Records shown:
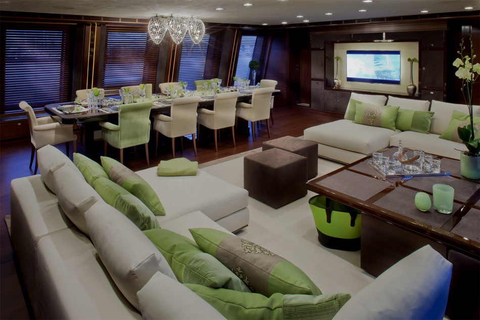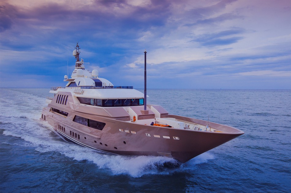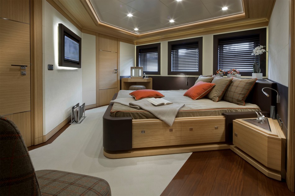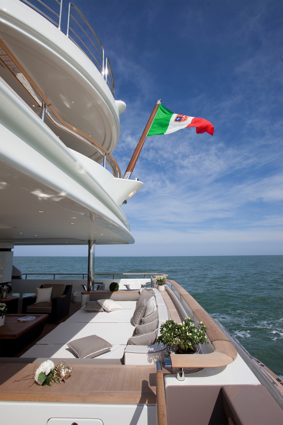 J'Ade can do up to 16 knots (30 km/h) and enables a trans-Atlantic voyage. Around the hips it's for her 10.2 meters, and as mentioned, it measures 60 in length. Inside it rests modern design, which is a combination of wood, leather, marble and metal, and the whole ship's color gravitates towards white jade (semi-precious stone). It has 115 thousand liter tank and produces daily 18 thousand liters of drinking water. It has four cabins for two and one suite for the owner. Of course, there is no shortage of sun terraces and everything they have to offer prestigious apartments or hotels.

--

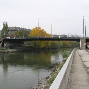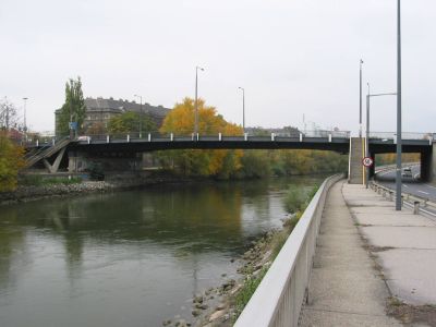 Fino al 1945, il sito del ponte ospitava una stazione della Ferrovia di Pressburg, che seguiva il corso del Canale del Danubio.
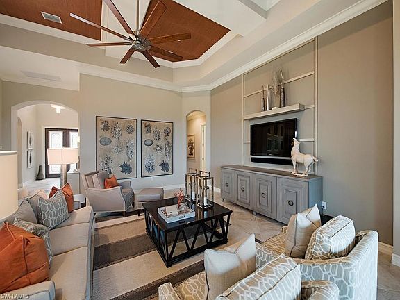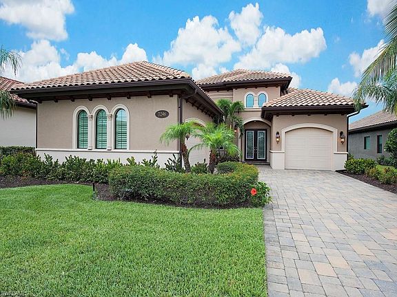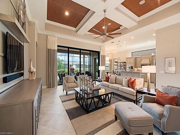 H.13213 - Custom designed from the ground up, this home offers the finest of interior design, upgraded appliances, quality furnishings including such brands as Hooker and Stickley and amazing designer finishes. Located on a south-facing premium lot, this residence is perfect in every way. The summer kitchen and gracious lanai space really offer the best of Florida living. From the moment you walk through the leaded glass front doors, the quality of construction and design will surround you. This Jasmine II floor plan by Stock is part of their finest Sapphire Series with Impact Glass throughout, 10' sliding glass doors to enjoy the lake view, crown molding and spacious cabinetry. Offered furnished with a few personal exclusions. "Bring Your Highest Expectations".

To do:
Copy only these lines from the records above, exactly: the one with "Fino al 1945, il", the one with "H.13213 - Custom", and those between. Skip the pictures.

Solution:
 Fino al 1945, il sito del ponte ospitava una stazione della Ferrovia di Pressburg, che seguiva il corso del Canale del Danubio.
 H.13213 - Custom designed from the ground up, this home offers the finest of interior design, upgraded appliances, quality furnishings including such brands as Hooker and Stickley and amazing designer finishes. Located on a south-facing premium lot, this residence is perfect in every way. The summer kitchen and gracious lanai space really offer the best of Florida living. From the moment you walk through the leaded glass front doors, the quality of construction and design will surround you. This Jasmine II floor plan by Stock is part of their finest Sapphire Series with Impact Glass throughout, 10' sliding glass doors to enjoy the lake view, crown molding and spacious cabinetry. Offered furnished with a few personal exclusions. "Bring Your Highest Expectations".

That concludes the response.